Without warning at 8pm the following day, they were told they were going to Nelson, immediately. Lagan said the group travelled through the night, with no toilet stops. Some residents were upset when told they could not be taken to the toilet, but most were "stilled in fear", Lagan said.

They arrived the following morning at a home in Omaio that had been closed for the previous 18 months.

Staff were there to welcome them and carry them off the bus. Lagan and about five others were then taken to an established rest home in Stoke.

"It was a lovely place and I didn't want to come back to 'earthquake land'."

Three months later Lagan and another sister did return to Christchurch. She hoped to return to the rebuilt Nazareth House rest home when it opened in October. The previous buildings were demolished. Age Concern Canterbury manager Simon Templeton was working for the Canterbury District Health Board at the time and helped manage the evacuation.

He said the process was tough for older people.

"Generally they are a pretty stoic bunch, they've been through a lot in their lives. Most were very understanding and thankful for the help."

Templeton said he regretted having to move elderly people at night, but they were trying to keep them safe in an uncertain environment. The earthquakes were an opportunity for some rest home providers, Nazareth House Australasia chief executive Kath Fox said.

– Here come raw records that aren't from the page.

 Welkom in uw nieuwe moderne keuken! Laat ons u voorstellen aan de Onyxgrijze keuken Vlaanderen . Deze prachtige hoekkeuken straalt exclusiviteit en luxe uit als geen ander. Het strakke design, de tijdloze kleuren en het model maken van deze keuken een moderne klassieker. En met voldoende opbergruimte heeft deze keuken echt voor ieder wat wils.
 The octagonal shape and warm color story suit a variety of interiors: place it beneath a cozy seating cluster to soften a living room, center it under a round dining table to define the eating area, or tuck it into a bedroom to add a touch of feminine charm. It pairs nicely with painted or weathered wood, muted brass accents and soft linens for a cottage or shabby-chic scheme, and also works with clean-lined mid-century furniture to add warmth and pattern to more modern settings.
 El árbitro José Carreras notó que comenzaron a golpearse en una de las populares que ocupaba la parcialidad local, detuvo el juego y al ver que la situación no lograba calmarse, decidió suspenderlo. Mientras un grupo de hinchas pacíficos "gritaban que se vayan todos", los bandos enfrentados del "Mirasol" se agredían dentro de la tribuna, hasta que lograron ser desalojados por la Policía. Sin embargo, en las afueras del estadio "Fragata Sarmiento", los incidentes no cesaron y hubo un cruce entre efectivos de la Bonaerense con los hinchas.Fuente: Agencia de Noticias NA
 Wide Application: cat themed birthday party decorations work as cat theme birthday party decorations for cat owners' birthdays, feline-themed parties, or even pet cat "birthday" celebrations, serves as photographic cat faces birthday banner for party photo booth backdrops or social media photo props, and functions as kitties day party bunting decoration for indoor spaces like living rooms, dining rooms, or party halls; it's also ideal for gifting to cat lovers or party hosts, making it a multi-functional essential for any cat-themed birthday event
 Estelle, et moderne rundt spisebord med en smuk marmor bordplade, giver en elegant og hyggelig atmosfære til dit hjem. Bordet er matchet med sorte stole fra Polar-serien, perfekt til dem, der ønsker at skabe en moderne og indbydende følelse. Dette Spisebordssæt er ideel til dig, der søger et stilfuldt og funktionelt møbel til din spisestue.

The organisation's new 80 bed home, hospital and retirement village would be more like a home and not an institution, she said.

"We all experienced that grief and loss and everything was so bleak but we have now achieved something that we wouldn't have been able to before the earthquakes."

Fox said many of those who were evacuated wanted to move back to Nazareth House.

"We just have to hope the trauma of relocating again won't be too much for them."